Calculating lottery probability

[Mugged]

Hello, this lottery problem has been bothering me for months. I set it up here. Help appreciated.

Here is the setup:

Suppose you have to pick 5 numbers from a set of integers ranging from 1 to 39. The probability of matching x/5 (where x can be 1,2,3,4,5) numbers correctly can be found by computing the hypergeometric distribution formula, as found on wikipedia. we have that:

probability of matching x/5 = {5 choose x}*{(39-5) choose (5-x)} / {39 choose 5}

where {a choose b} = a! / (b!*(a-b)!)

Computing for x = 2,3,4,5 yields:

x=2: probability = 59840/575757 ≈ 0.104
x=3: probability = 1870/191919 ≈ 0.00974
x=4: probability = 170/575757 ≈ 0.000295
x=5:probability = 1/575757 ≈ 1.737e-6

Now here is the problem:

Suppose you buy 8 tickets, assume all of them have distinct sets of 5 integers, and play these 8 combinations for 1,000,000 drawings of the lottery. How many tickets in total (out of 8*1,000,000) do you expect to match x out of 5? i.e. in 8,000,000 plays, how many tickets yield 3 out of 5 matched?

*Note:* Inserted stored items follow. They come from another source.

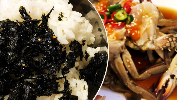 把海苔放在底部加一點飯,在放上蟹黃與蟹肉,最後在上方淋上韓式麻油醬,一口咬下先是吃到海苔與麻油的香氣,再來就是蟹黃的清甜香,是種會讓人上癮的美食。
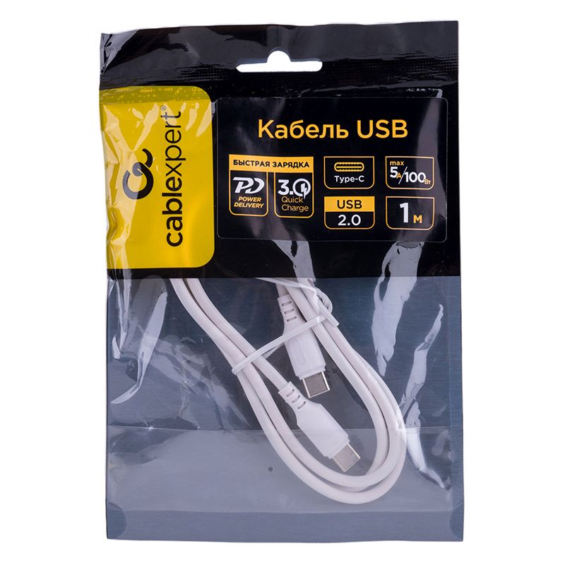 Производитель: Cablexpert Наименование: USB-кабель Предназначение: Синхронизация, передача данных, подзарядка Интерфейс: USB 2.0 Пропускная способность интерфейса: до 480 Мбит/сек Максимальный ток: 5 А Максимальная мощность: 100 Вт Поддержка быстрой зарядки: PD / QC3.0 Разъемы: 2 x Type C (m) Материал проводников: Медь Толщина жил (передача данных / питание): 30 / 20 AWG Оболочка кабеля: Силикон Длина кабеля: 1 м Цвет: Белый
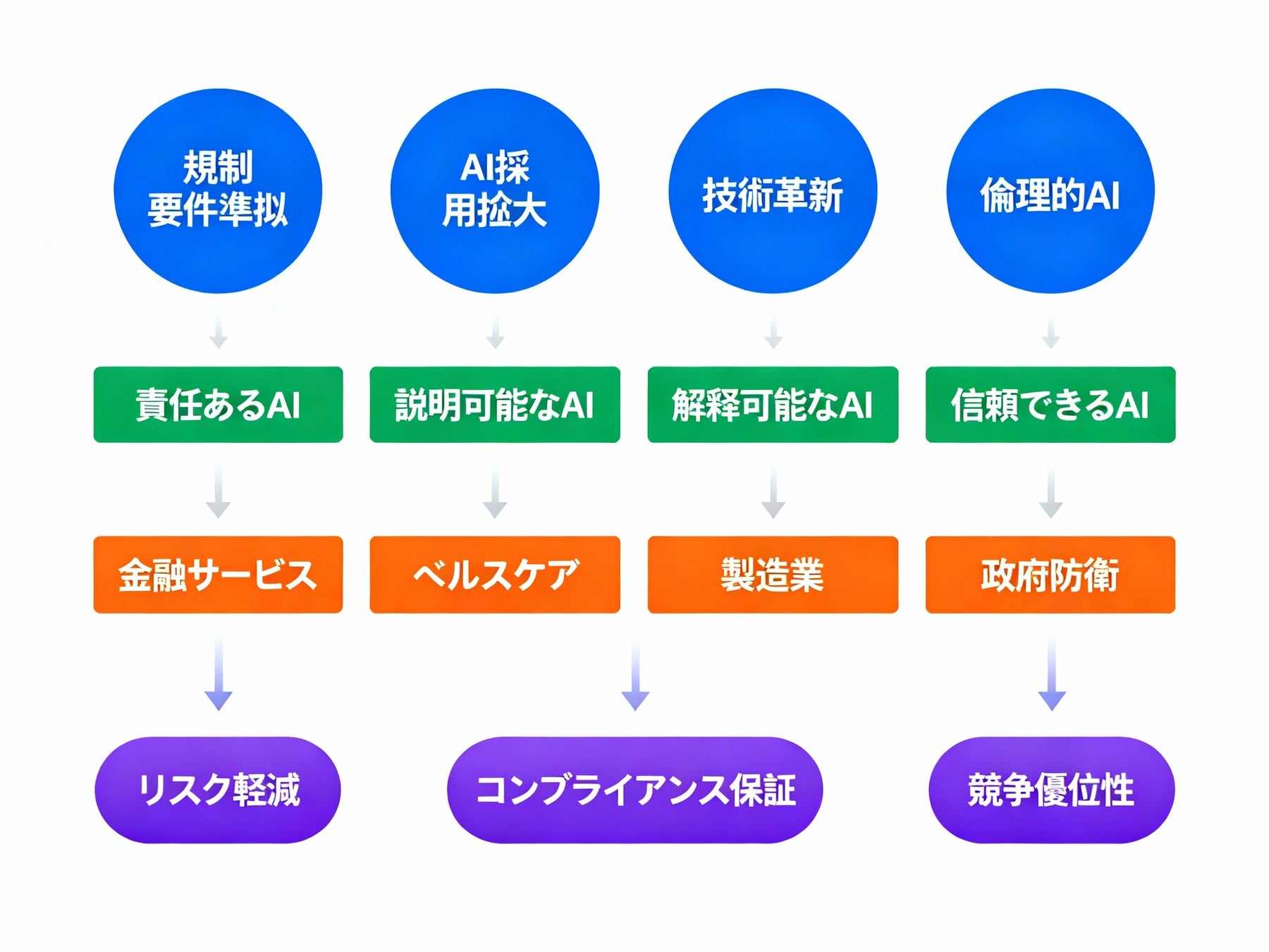 • 業界別実装戦略の展開:金融(不正検知、信用評価)、ヘルスケア(診断支援、患者予後予測)、製造(品質検査、予知保全)など、自社業界特有の責任あるAI実装パターンを確立
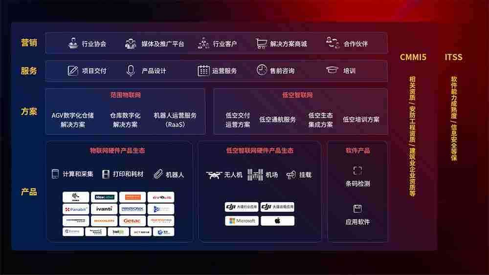 聚合国内外先进的物联网硬件产品品牌,,,聚焦数字化仓储、、机器人运营、、、低空智联网等领域,,共同打造适合客户业务场景的解决方案并提供交付服务
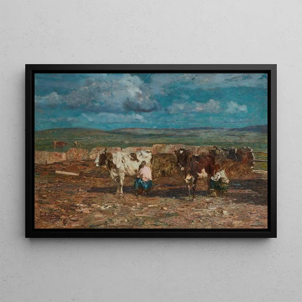 La Traite : un regard poignant sur l'histoire La reproduction de La Traite, œuvre de Beppe Ciardi, nous plonge dans une scène chargée d'émotion et de réflexion. Ce tableau illustre avec puissance les souffrances et les luttes des personnes prises dans le tourbillon de l'histoire. Les couleurs sombres et les contrastes saisissants accentuent la gravité du sujet, tandis que la technique picturale de Ciardi, alliant réalisme et expressionnisme, capte l’attention du spectateur. Chaque visage, chaque geste raconte une histoire, rendant cette œuvre à la fois captivante et troublante. Beppe Ciardi : un artiste engagé dans son temps Beppe Ciardi, peintre italien du début du XXe siècle, est connu pour ses œuvres qui traitent de thèmes sociaux et historiques. Influencé par le mouvement réaliste, il a cherché à donner une voix aux opprimés et à mettre en lumière les injustices de son époque. La Traite est l'une de ses œuvres les plus emblématiques, reflétant son engagement envers les causes sociales. À travers son art, Ciardi a su capturer l’essence de la souffrance humaine, faisant de lui une figure importante dans l’histoire de l’art italien. Une acquisition décorative aux multiples atouts La reproduction de La Traite est une œuvre qui ne manquera pas d'attirer l'attention dans votre intérieur. Que ce soit dans un salon, un bureau ou une chambre, ce tableau apporte une profondeur et une réflexion sur des thèmes universels. Sa qualité d'impression et son respect des détails font de cette toile un choix idéal pour les amateurs d'art soucieux de l'impact de leurs choix décoratifs. En intégrant cette œuvre dans votre espace, vous offrez à vos invités une occasion de dialogue et de contemplation, tout en enrichissant votre décoration d'une pièce chargée d'histoire.

I had originally thought that the solution was simply the probability of matching x/5 multiplied by the total number of plays, in this case 8e6, but this isn't the case. Although, this approach works for 2 out of 5 matches but not for 3 or 4...unsure about 5/5.

Any help is well appreciated.

 

[mfb]

If you know the expected hits (like the probability of "3 out of 5") for each ticket, the expected number of total hits is just the sum of all those expectation values - in your case, 8 million times the probability that a single ticket wins.

The variance is a bit more tricky, if those 8 tickets are not independent, but I think this can be neglected for every reasonable calculation.

 

[Mugged]

Right, but that approach doesn't seem to work. The reason I'm posing this question is because I've been running lottery simulations in Matlab and I'm getting results that are inconsistent with that idea.

I run 1,000,000 "games", where for each game I have 8 sets of 5 numbers chosen being compared to a winning game combination. Out of the 8 million plays, I get roughly 800,000 2/5 matches, 40,000 3/5 matches, can't remember 4/5,5/5.

But the point is the probability for 2/5 match is rougly 10%, so 8e6*.10 = 800k, which is fine. But for 3/5 match the probability is 0.009, times 8e6 is about 80k, but I only get 40k...so this doesn't match

 

[mfb]

I would expect a bug in the code then.

 

[blue_raver22]

Hello,

Thank you for providing the setup and your thoughts on this lottery probability problem. It seems like you have a good understanding of the formula and how to calculate the probability of matching a certain number of numbers correctly. However, your approach for calculating the expected number of tickets that will match a certain number of numbers out of 5 is not correct.

The correct approach is to use the binomial distribution formula, which takes into account the number of trials (in this case, 1,000,000) and the probability of success (the probability of matching x out of 5 numbers). So for example, to calculate the expected number of tickets that will match 3 out of 5 numbers, you would use the formula:

Expected number of tickets = (number of trials) * (probability of success)^3 * (1 - probability of success)^2 * (number of combinations)

In this case, the number of combinations would be 8 choose 3, since you are choosing 3 tickets out of 8. So the final formula would be:

Expected number of tickets = 1,000,000 * (0.00974)^3 * (1 - 0.00974)^2 * {8 choose 3}

I won't do the calculation for you, but this is the correct approach for calculating the expected number of tickets that will match a certain number of numbers out of 5. This approach can be used for any number of matches, not just 3 out of 5.

I hope this helps and good luck with your lottery calculations!